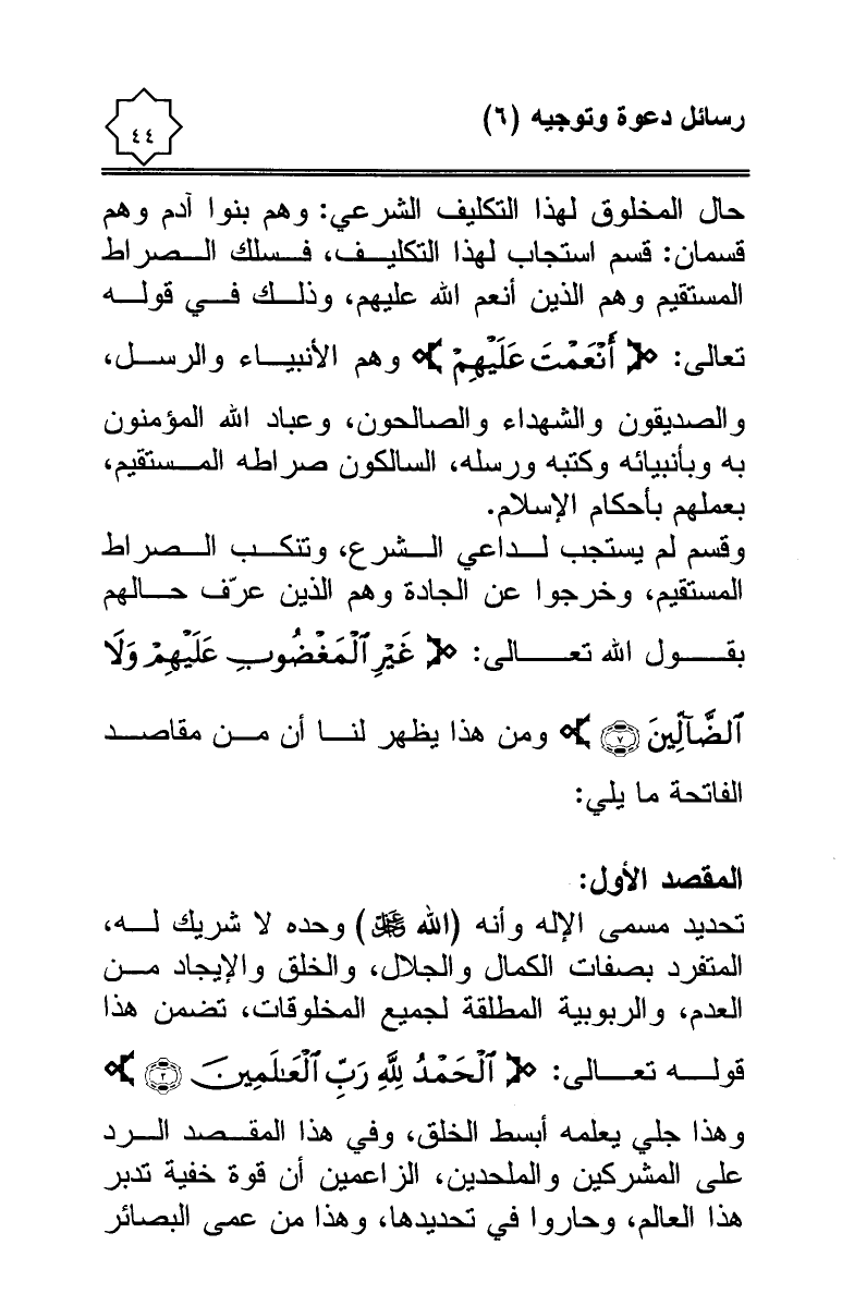 وقسم لم يستجب لداعي الشرع، وتنكب الصراط المستقيم، وخرجوا عن الجادة وهم الذين عرّف حالهم بقول الله تعالى: {غَيْرِ الْمَغْضُوبِ عَلَيْهِمْ وَلَا الضَّالِّينَ (7)} ومن هذا يظهر لنا أن من مقاصد الفاتحة ما يلي:
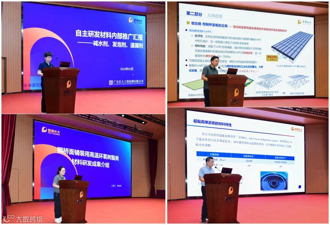 在产品介绍环节,长大检测公司介绍了减水剂、发泡剂和速凝剂等三款自主研发材料产品的相关室内试验和项目应用情况。对比市场成熟产品,该三款自研材料性能及成本均具备优势,适合进一步推广应用于实体工程。
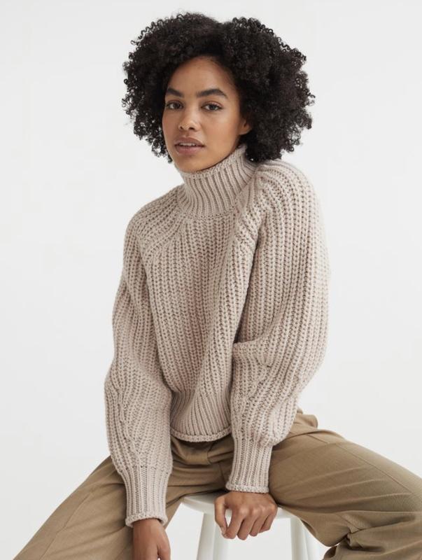 Светр прямокутної форми з суміші вовни мокрої в’язки. Комір-водолазка з підгорнутим краєм, широкі рукави реглан. Рукава і низ светра в широку рубчик з підгорнутим краєм. Склад: поліестер 50%, акрил 45%, шерсть 5%
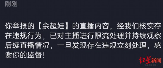 另外,还有一些网友对上述主播的行为进行了举报,据网友提供的一份平台回复显示:你举报的“余超娃”直播内容,经我们核实存在违规行为,已对主播进行限流并持续观察后续直播情况。一旦发现违规立即进行处理,感谢你的监督。
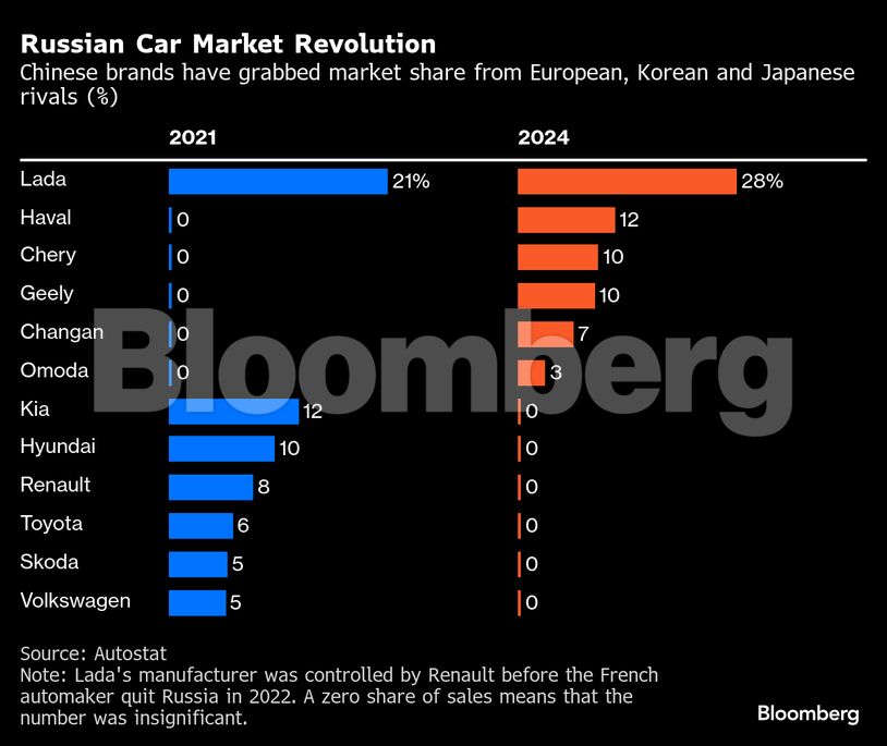 Οι κινεζικές μάρκες αντιπροσώπευαν το μεγαλύτερο μέρος των πωλήσεων, καθώς άλλες διεθνείς μάρκες αποσύρθηκαν. Ορισμένες, όπως η Mercedes-Benz Group AG, η Nissan Motor Co. Ltd., η Hyundai και η Renault SA είχαν αρχικά ρήτρες επαναγοράς οι οποίες θεωρητικά θα τους επέτρεπαν να διεκδικήσουν τα εργοστάσιά τους σε μειωμένη τιμή. Αυτό, όμως, δε θα είναι εύκολο. Ο επικεφαλής της AvtoVAZ, της μεγαλύτερης αυτοκινητοβιομηχανίας της Ρωσίας, δήλωσε ότι ο πρώην ιδιοκτήτης της, η Renault, θα πρέπει να καταβάλει αποζημίωση ύψους τουλάχιστον 112,5 δισεκατομμυρίων ρουβλίων για να καλύψει τις επενδύσεις που έγιναν από τότε που εγκατέλειψε τη Ρωσία, εάν η γαλλική αυτοκινητοβιομηχανία αναζητήσει επιστροφή του μεριδίου της.
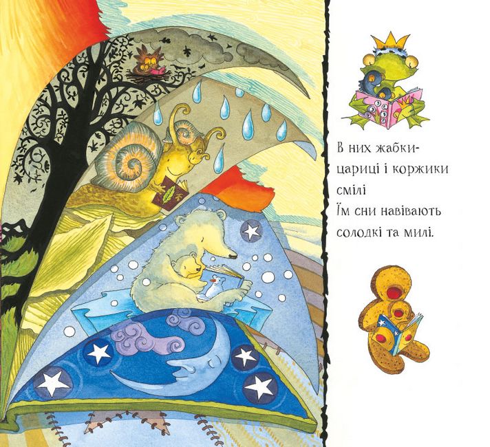 Про що ця віршована історія? Звичайно, про материнську любов, яка сильніша від усіх лих, бурь та бід. Коли мама укладає свою дитину в ліжко, вона заспокоює її нічні страхи перед бурею за вікном обіцянкою доглядати за нею, поки вона спить, як і всі інші дитинчата тварин по всьому світу.
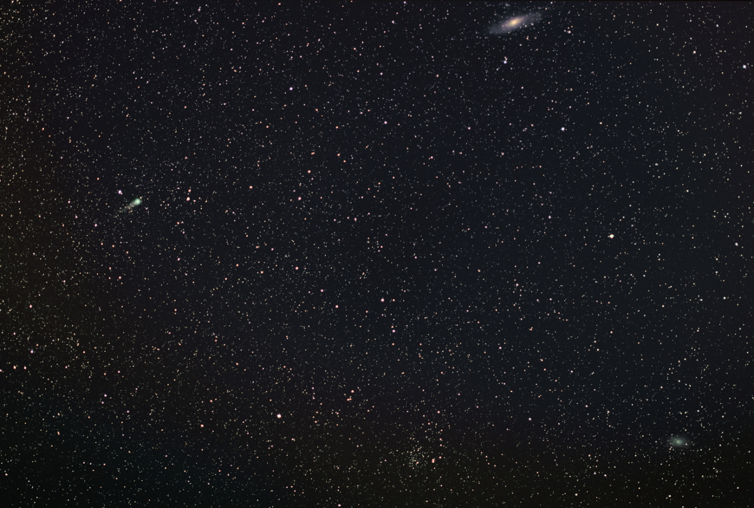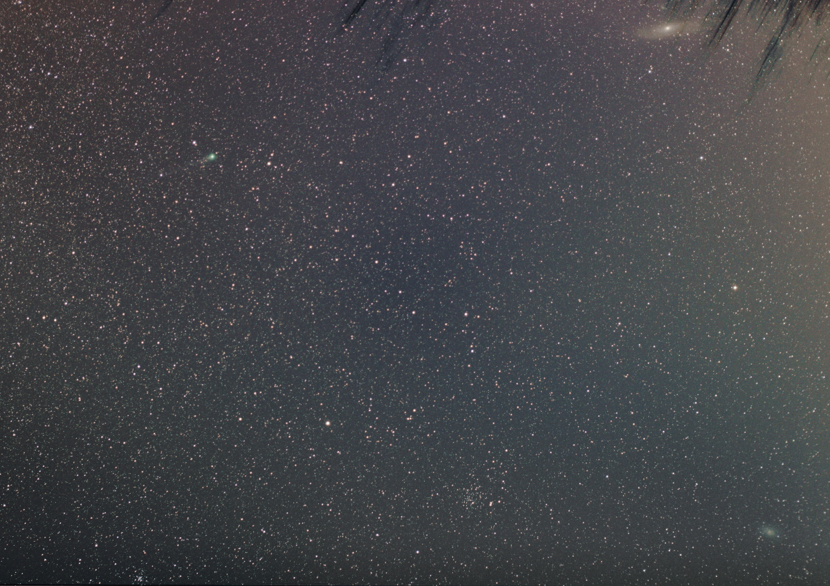 Комета Лавджоя, Галактика Андромеды М31 (вверху) и Галактика Треугольника М33 (внизу справа). Первое изображение - результат сведения и обработки 50-ти 20-секундных кадров, снятых на окраине Нижнего Новгорода. Второе получено из 30-ти 25-секундных кадров, более естественно обработано, но в кадр влезли ветви дерева, оставившие на итоговом изображении полосы.
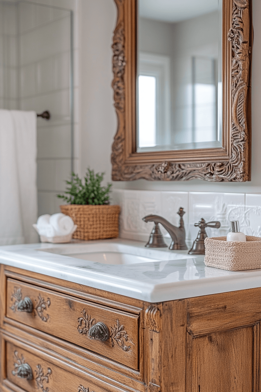 Adding an antique vanity is one of the most stunning antique farmhouse decor ideas for a refined bathroom upgrade. Carved wood details, vintage mirrors, and aged hardware infuse the space with luxurious history. These pieces provide practical storage while feeling effortlessly romantic and classic. The old-world charm pairs perfectly with modern touches for a timeless finish.
####################
WHAT THIS TASK INVOLVES: Take the lines from the one that contains "Про що ця віршована" down to the last line of the listing above, both included, and set them down exactly, leaving out pictures.

ANSWER AREA:
 Про що ця віршована історія? Звичайно, про материнську любов, яка сильніша від усіх лих, бурь та бід. Коли мама укладає свою дитину в ліжко, вона заспокоює її нічні страхи перед бурею за вікном обіцянкою доглядати за нею, поки вона спить, як і всі інші дитинчата тварин по всьому світу.
 Комета Лавджоя, Галактика Андромеды М31 (вверху) и Галактика Треугольника М33 (внизу справа). Первое изображение - результат сведения и обработки 50-ти 20-секундных кадров, снятых на окраине Нижнего Новгорода. Второе получено из 30-ти 25-секундных кадров, более естественно обработано, но в кадр влезли ветви дерева, оставившие на итоговом изображении полосы.
 Adding an antique vanity is one of the most stunning antique farmhouse decor ideas for a refined bathroom upgrade. Carved wood details, vintage mirrors, and aged hardware infuse the space with luxurious history. These pieces provide practical storage while feeling effortlessly romantic and classic. The old-world charm pairs perfectly with modern touches for a timeless finish.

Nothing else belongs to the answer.